Use TOML, governed by a .rgf file (analogous to .gitignore, .env, .editorconfig).
- Human-readable: Lower cognitive overhead than YAML/JSON for non-developers.
- Trivially parseable: Python's
tomllib(stdlib since 3.11) handles it with zero dependencies. - Familiar convention: The
.rgfextension signals "this is a governance rules file" and is auto-detected by ResGov from the working directory. - Section-per-agent: TOML's
[table]syntax maps naturally to per-agent configuration.
- Only one
.rgffile per ResGov instance (no includes/imports). - For multi-instance setups, manage
.rgffiles per deployment (Ansible, Terraform, etc.).
| Option | Rejected Because |
|---|---|
| YAML | Indentation errors, larger spec, needs PyYAML dependency |
| JSON | No comments, painful for multi-line lists |
| Environment variables | Doesn't scale to per-agent sections |
| Database config | Circular dependency — DB needs auth, auth needs config |
Status: Accepted
Date: 2026-05-29
ResGov's core function is a transparent LLM proxy. It must work with existing frameworks (CrewAI, LangLang, LlamaIndex, custom code) without SDK changes.
Implement an OpenAI-compatible /v1/chat/completions endpoint. Frameworks switch by changing base_url only.
- Zero-friction adoption: Every major LLM framework supports configuring a custom
base_url. - No vendor lock-in: If a user outgrows ResGov, they revert the
base_url— no code changes. - Header-based routing: Agent ID and org ID are passed via HTTP headers (
X-ResGov-Agent-ID), keeping the request body untouched.
| Provider | Base URL | Auth |
|---|---|---|
| OpenRouter | https://openrouter.ai/api/v1 |
API Key |
| GitHub Copilot | https://api.githubcopilot.com |
OAuth Token |
| Custom OpenAI-compatible | Configurable | API Key |
Each provider adapter handles model name mapping, auth headers, and response normalization.
Status: Accepted
Date: 2026-05-29
ResGov must support multiple LLM providers (OpenRouter, GitHub Copilot, potentially direct OpenAI/Anthropic) with different auth methods, model naming conventions, and pricing structures.

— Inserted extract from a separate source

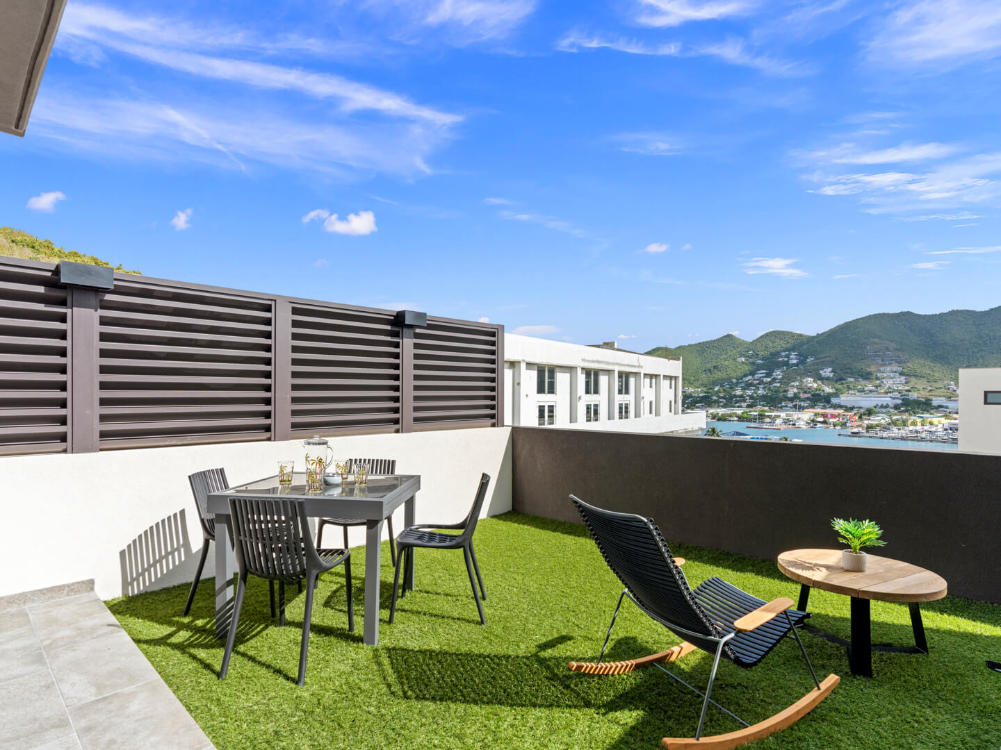 L’Appartement B207 à The Hills Residence à Simpson Bay, Sint Maarten, est un charmant refuge d’une chambre offrant un mélange exquis de confort et de style. L’élément phare de cet appartement est sa magnifique terrasse, qui offre une vue imprenable sur la lagune sereine, créant ainsi un espace parfait pour la détente ou des réunions intimes.
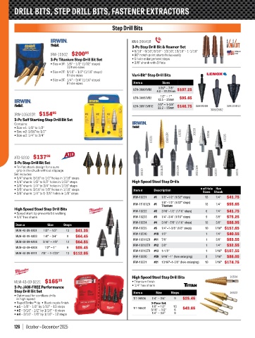 DRILL BITS, STEP DRILL BITS, FASTENER EXTRACTORS

Each provider is a separate module under src/providers.py implementing a common interface:
class LLMProvider(Protocol):
async def chat_completion(self, request: ChatRequest) -> ChatResponse: ...
def resolve_model(self, model_alias: str) -> str: ...
def estimate_cost(self, model: str, tokens: int) -> float: ...- Extensible: Adding a new provider = adding a new module, zero changes to core engine.
- Testable: Each provider can be mocked independently.
- Cost-aware: The
estimate_costmethod enables budget enforcement before the request is sent.
- Provider auto-detection is based on URL patterns. No magic.
- Price data is cached locally (
src/price_cache.py) with TTL to avoid runtime API calls.